Despite my sometimes wild life movements, my default is routine. On a practical level, I like to take as much decision-making out of my day as possible. That way, I get to focus my brain-power on the choices that will make the biggest difference in my life and work. On an emotional level, routine keeps my mental health stable so I can keep functioning as a human.
Still, inspiration hit and the justifications for pulling an all-nighter to get my puppet done started rolling in. I entertained them for a few hours even though I knew that something would inevitably go wrong and it would feel catastrophic as everything does at 3am. I went so far as to cancel my plans the next day before talking myself down from the ledge.
The feeling of inspiration would be there the next day and my head would be clearer after a full night’s sleep. What’s more, I wouldn’t completely throw off my body clock. While another 12-hour day making a puppet isn’t a balanced workday by any stretch of the imagination, it’s also not something that’s going to affect my schedule for days afterwards.

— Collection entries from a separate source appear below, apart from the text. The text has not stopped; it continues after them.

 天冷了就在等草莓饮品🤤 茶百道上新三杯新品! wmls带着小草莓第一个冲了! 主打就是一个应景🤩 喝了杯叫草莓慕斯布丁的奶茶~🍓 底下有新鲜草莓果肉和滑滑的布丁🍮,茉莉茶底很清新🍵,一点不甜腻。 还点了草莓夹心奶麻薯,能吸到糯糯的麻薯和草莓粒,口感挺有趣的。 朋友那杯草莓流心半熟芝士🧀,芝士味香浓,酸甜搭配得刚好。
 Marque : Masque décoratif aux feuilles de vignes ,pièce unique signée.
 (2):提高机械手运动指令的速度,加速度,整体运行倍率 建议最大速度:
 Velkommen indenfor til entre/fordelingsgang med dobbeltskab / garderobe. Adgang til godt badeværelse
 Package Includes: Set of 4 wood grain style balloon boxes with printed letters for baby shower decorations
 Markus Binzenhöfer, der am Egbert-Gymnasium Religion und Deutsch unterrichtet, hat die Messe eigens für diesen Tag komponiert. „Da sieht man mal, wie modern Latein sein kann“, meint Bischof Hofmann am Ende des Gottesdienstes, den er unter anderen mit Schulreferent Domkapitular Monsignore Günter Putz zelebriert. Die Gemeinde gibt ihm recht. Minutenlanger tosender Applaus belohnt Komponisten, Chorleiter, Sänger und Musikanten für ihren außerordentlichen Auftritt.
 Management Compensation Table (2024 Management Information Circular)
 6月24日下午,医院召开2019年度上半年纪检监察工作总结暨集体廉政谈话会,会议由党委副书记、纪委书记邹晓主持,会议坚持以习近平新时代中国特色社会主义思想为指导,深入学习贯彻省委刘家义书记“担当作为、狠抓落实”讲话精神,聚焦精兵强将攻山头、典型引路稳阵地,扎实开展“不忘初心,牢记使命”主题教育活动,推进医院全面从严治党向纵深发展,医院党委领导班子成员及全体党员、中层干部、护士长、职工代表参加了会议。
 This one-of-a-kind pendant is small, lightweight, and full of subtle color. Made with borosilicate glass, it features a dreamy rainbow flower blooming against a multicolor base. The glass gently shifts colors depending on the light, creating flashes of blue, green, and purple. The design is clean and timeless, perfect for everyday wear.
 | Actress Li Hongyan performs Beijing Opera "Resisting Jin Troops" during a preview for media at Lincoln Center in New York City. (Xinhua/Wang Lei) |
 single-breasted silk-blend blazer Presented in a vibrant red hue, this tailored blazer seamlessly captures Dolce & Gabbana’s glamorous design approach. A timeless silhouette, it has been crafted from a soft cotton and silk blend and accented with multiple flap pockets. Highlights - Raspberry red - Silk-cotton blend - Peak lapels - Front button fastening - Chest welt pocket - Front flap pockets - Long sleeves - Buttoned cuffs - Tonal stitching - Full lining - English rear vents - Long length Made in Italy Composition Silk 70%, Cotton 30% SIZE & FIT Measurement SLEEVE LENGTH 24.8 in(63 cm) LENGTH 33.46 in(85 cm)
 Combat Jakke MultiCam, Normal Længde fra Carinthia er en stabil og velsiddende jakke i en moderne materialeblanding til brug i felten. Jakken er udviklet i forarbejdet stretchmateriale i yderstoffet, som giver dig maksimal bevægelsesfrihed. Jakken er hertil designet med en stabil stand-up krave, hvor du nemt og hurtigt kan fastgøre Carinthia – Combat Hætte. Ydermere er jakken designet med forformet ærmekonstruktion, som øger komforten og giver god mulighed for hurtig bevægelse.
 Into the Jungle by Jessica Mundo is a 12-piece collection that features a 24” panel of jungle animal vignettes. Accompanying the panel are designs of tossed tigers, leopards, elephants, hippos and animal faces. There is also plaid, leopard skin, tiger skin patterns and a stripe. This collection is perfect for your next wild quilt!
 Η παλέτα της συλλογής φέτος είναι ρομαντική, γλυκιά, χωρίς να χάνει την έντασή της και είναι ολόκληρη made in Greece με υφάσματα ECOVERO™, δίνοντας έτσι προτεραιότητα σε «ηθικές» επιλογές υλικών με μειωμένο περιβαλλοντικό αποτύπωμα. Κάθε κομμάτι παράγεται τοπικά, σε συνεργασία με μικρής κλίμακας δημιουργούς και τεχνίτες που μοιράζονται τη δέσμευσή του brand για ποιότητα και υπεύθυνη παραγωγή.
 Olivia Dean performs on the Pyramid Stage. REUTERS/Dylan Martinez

Instead of staying up late, I took a shower and read a short story. I got back into my body and discovered that I was, in fact, exhausted. I’m sure I fell asleep within moments of closing my eyes. As much as I would have liked to wake up further along in the construction process the next day, I also knew that I’d pay for those few extra hours of productivity.
As a creative, I’m guilty of letting the feeling of being inspired spin me out to the point where I’m incapable of doing my best work. Which is why I’m working on maintaining balance in my process whenever possible. It’s not as exciting as riding the manic highs of feeling inspired but there’s no doubt that I get more work done without compromising my health and wellbeing.
So, what helps you keep your balance when inspiration hits?